WNT5A enhances resistance of melanoma cells to targeted BRAF inhibitors.

About half of all melanomas harbor a mutation that results in a constitutively active BRAF kinase mutant (BRAF(V600E/K)) that can be selectively inhibited by targeted BRAF inhibitors (BRAFis). While patients treated with BRAFis initially exhibit measurable clinical improvement, the majority of patients eventually develop drug resistance and relapse. Here, we observed marked elevation of WNT5A in a subset of tumors from patients exhibiting disease progression on BRAFi therapy.
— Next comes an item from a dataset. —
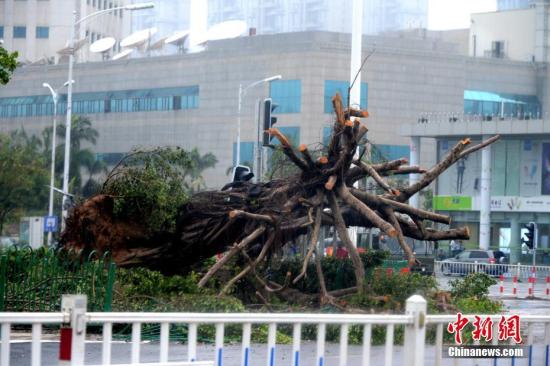 資料圖:廈門街頭隨處可見被“莫蘭蒂”臺風連根拔起的大樹。在“莫蘭蒂”影響下,廈門有35萬棵行道樹倒伏,房屋倒塌損壞113處。 中新社記者 王東明 攝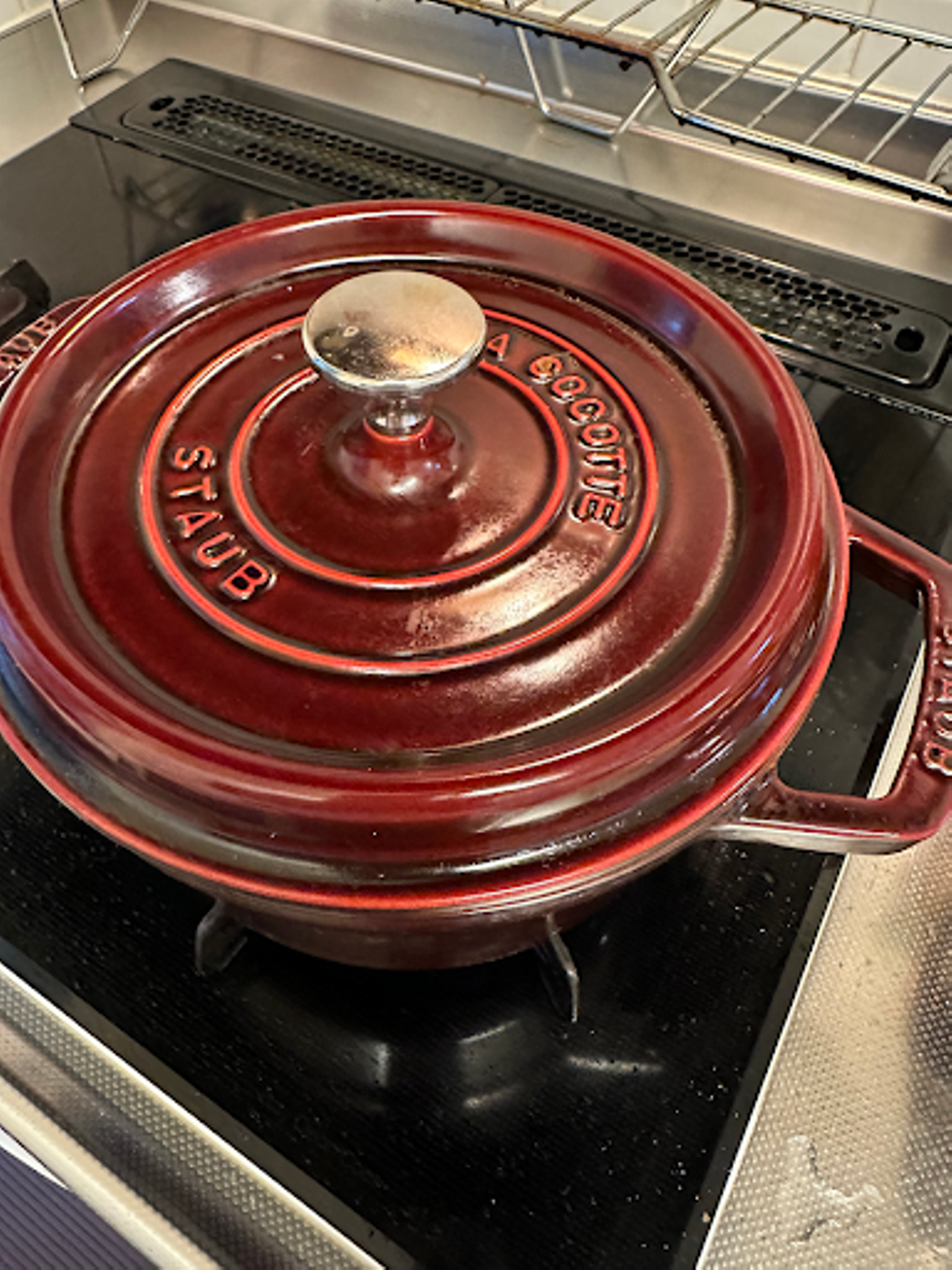 蓋をして火にかけ、湯気が出てきたら弱火にして、15分くらいで火を止めます。

WNT5A transcript and protein were also elevated in BRAFi-resistant melanoma cell lines generated by long-term in vitro treatment with BRAFi. RNAi-mediated reduction of endogenous WNT5A in melanoma decreased cell growth, increased apoptosis in response to BRAFi challenge, and decreased the activity of prosurvival AKT signaling. Conversely, overexpression of WNT5A promoted melanoma growth, tumorigenesis, and activation of AKT signaling. Similarly to WNT5A knockdown, knockdown of the WNT receptors FZD7 and RYK inhibited growth, sensitized melanoma cells to BRAFi, and reduced AKT activation. Together, these findings suggest that chronic BRAF inhibition elevates WNT5A expression, which promotes AKT signaling through FZD7 and RYK, leading to increased growth and therapeutic resistance. Furthermore, increased WNT5A expression in BRAFi-resistant melanomas correlates with a specific transcriptional signature, which identifies potential therapeutic targets to reduce clinical BRAFi resistance.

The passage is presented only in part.